We in the Datta group have used our model-based simulation to track spatial variation and temporal evolution of temperature, moisture, porosity, and mechanical stress during the rapid puffing process. We have also explored volume change and the transport of liquid and vapor phases. Experimentation alone would not yield such detailed knowledge of the process.

Our model can help manufacturers to significantly reduce trial-and-error experimentation by predicting optimum conditions such as salt concentration during pretreatment, moisture content after pretreatment, and puffing temperature. With an extended version of our original model, we have looked at gun puffing, a more intensive process in which a large pressure differential is created between the inside and outside of the grain and then is rapidly released. We have shown that decreasing the pressure release time increases the final volume of the puffed kernel.

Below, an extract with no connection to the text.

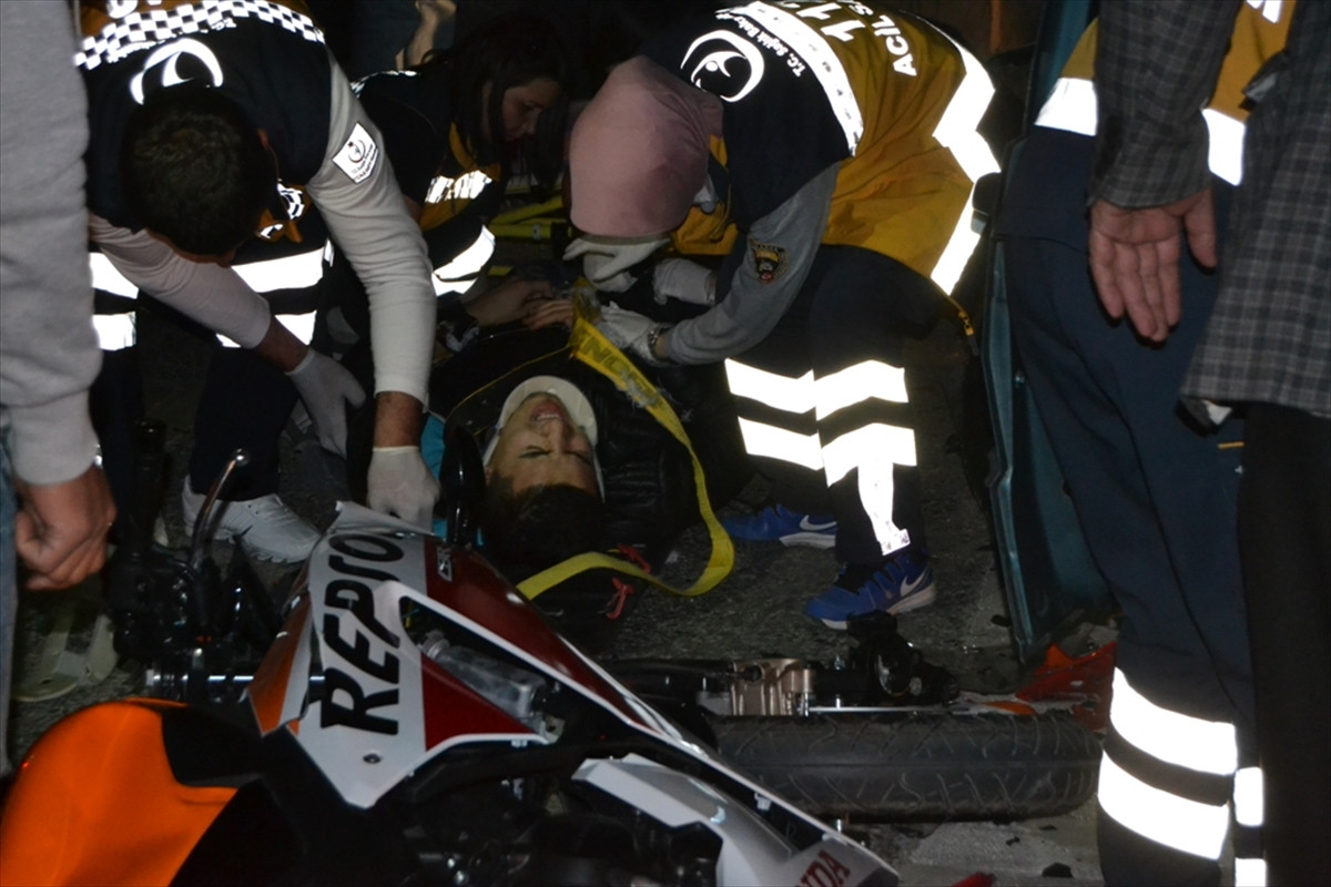Kazada, otomobil sürücüsü ve aynı araçta bulunan Filiz Yalvaç ile motosiklet sürücüsü Bozan ve ismi belirlemeyen bir kişi yaralandı.

Datta is currently leading an effort to develop a comprehensive framework for predicting the changes that a food material undergoes during processing; the simulation of rice puffing, with its complex and coupled physics of multiphase transport, solid mechanics, phase transition, and plasticity, is a step in that more general development. In the future, we hope, models will account for additional complex processes—for example, electromagnetic effects in microwave puffing, reactions such as those leading to color development, and additional mechanical behaviors in materials. As part of the new effort, we also plan to incorporate our simulation models in applications that can be used by people with no simulation background. Industrial producers and students alike can then apply their creativity to explore food products and process designs.